When gift giver asks, just be breezily honest that you couldn’t get a babysitter for lunch, and that the evening meals would still have cost another hundred pounds or more.

buckeejit · 27/10/2019 09:17

Dh used to like nice clothes & shopped in Reiss a lot until I made him change his ways. Sil gave him a £10 voucher for Reiss for his birthday once. I think it was at least £20 for a pair of socks so it went to waste.

GettingABitDesperateNow · 27/10/2019 09:19

I would actually go by myself for lunch, it will probably cover the full cost, and no babysitters or top up payments required. But I am absolutely fine eating in a restaurant myself, I know others dont like it

NWQM · 27/10/2019 09:20

This happens to me all the time. Gift experiences seem to be the in think with my in laws who also make a fuss about everyone being treated fairly... they spend exactly the same amount in each person they say but buy me gifts like afternoon tea for 2 which means really half is actually for me. Sounds lovely but they know I don't have bread nor cream so....
All the gifts are pretty far away and difficult therefore with a young family. They just often go to waste or given away as raffle prizes etc. No amount of saying anything, handing back etc works. They spot a bargain & buy it. It's not for the receiver as you always have to spend extra money.

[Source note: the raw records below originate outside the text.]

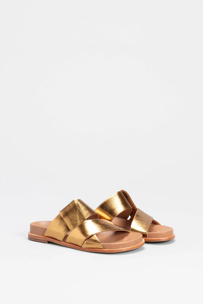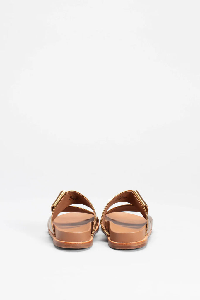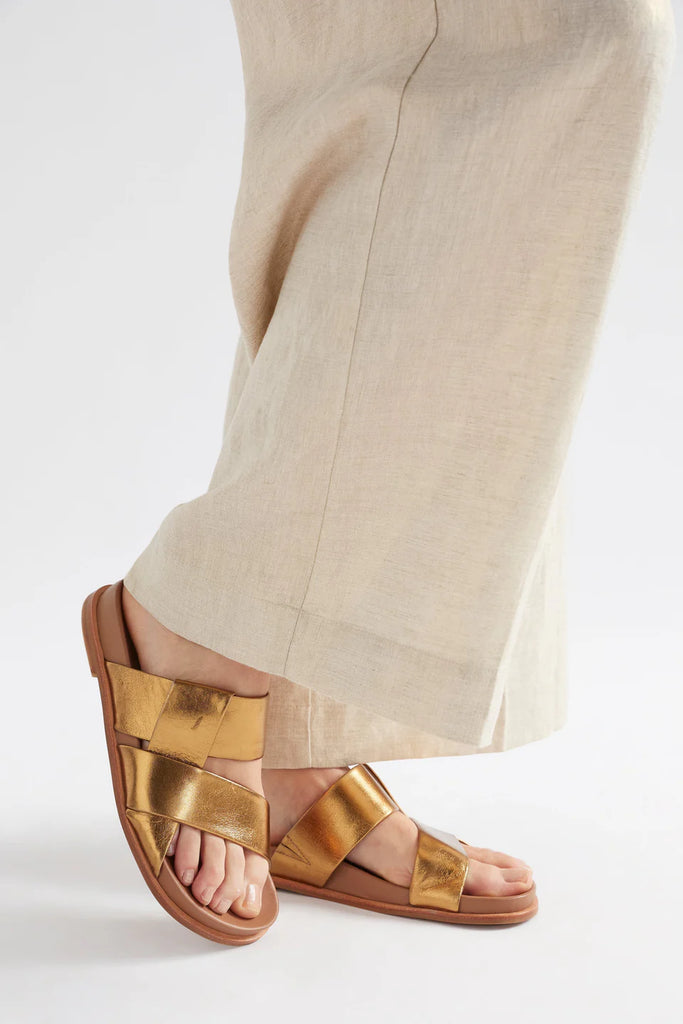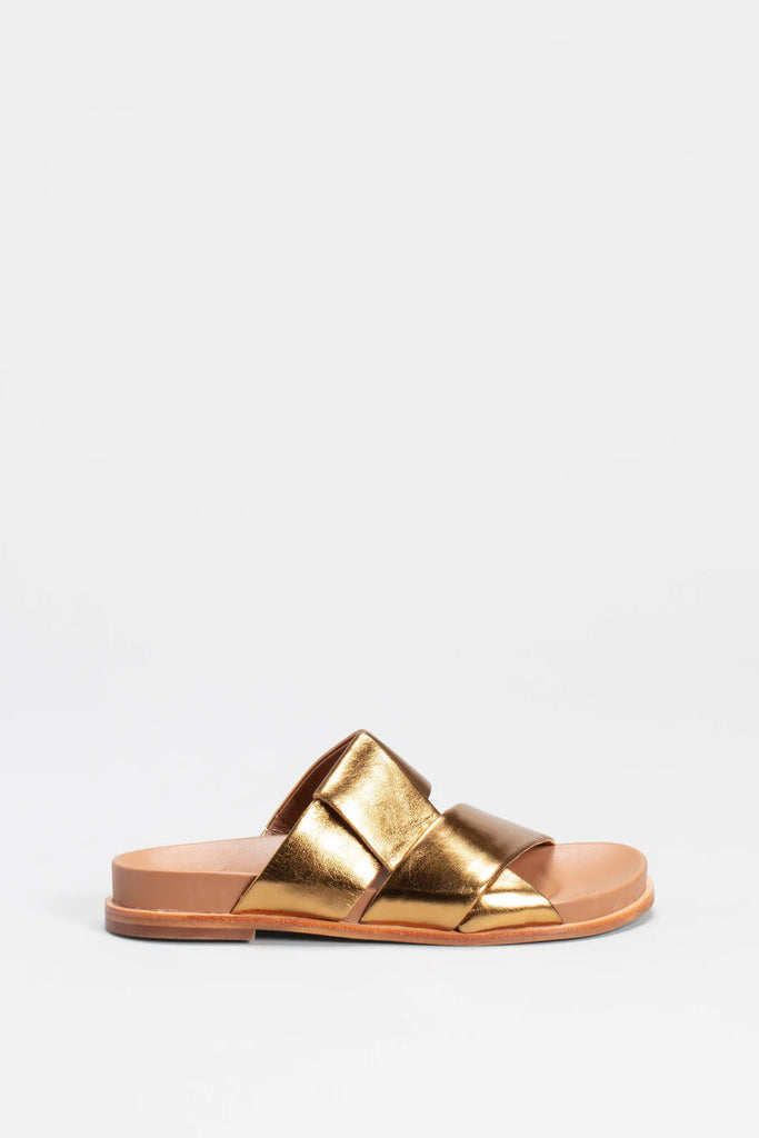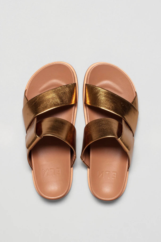 ELKThe Uma Slide is a style that will brighten any outfit, coming in two metallic colourways and a matte black leather. The slide features a crossover strap design and a moulded footbed.
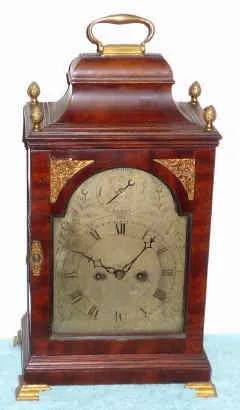 C.1790, English, George III Mahogany bracket clock with ormolu mounts, 2-fusee, bell strike, with engraved back plate, converted from crown/verge to anchor escapement. Condition: there are some chips in the veneer here and there, pendulum is absent, silvered/engraved dial has some tarnish and wear. No signature on movement nor dial. Robust movement now with cable in lieu of gut; dirty, needs service, but ticking/striking. Ht 21"
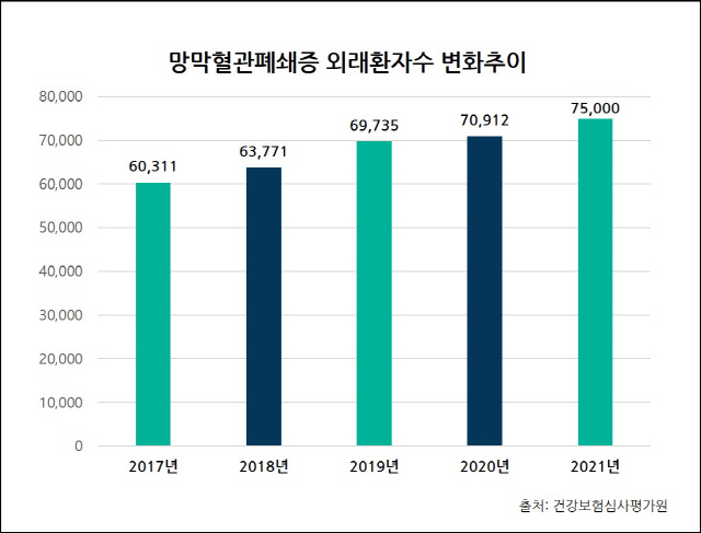 건강보험심사평가원에 따르면 망막혈관폐쇄증으로 외래 진료를 받은 환자 수는 2017년 6만311명에서 2021년 7만5000명으로 5년 사이 약 24% 증가했다.

IdiotInDisguise · 27/10/2019 09:23

To be honest it is a extremely thoughtless gift... or one they forward on to you when they realised they couldn’t afford to use it.

Don’t go, if they ask, tell them the truth.

Gardai · 27/10/2019 09:27

£30 is a weird amount as a op said it sounds like an amount from a refund or suchlike as it’s not realistic given the calibre of the restaurant. I’d google them re lunchtime because some restaurants have reasonable day time menus even if they are pricey in the evening.

JellyBabiesSaveLives · 27/10/2019 09:28

Sell the voucher. Eat at home. Tell the giver that you had a lovely meal.

Or keep the voucher, tell the giver you’ve not managed to organise a babysitter yet.

SpiderCharlotte · 27/10/2019 09:29

Totally agree OP. We were given a voucher for a Michelin star restaurant by a family member. They'd booked the table for us (months in advance) and said they would babysit our DCs. How lovely! Except it cost us almost £200 by the time we paid petrol to get there (2 hour round trip from where we live) and the set menu was a fortune. Stressed me out no end. Grin

Brefugee · 27/10/2019 09:35

bin it. it's a shame but it is what it is.

Wheat2Harvest · 27/10/2019 09:38

it's a set menu in the evenings at £70 each

Usually lunchtime menus are less expensive. Couldn't you go then? A weekday if your DH is available then would probably be even less expensive. Granted you might still have to pay for childcare but this is par for the course when you decide to have children.

recrudescence · 27/10/2019 09:45

Just don’t go. Tell the givers you have and had a lovely meal. You are now precisely £0 out of pocket.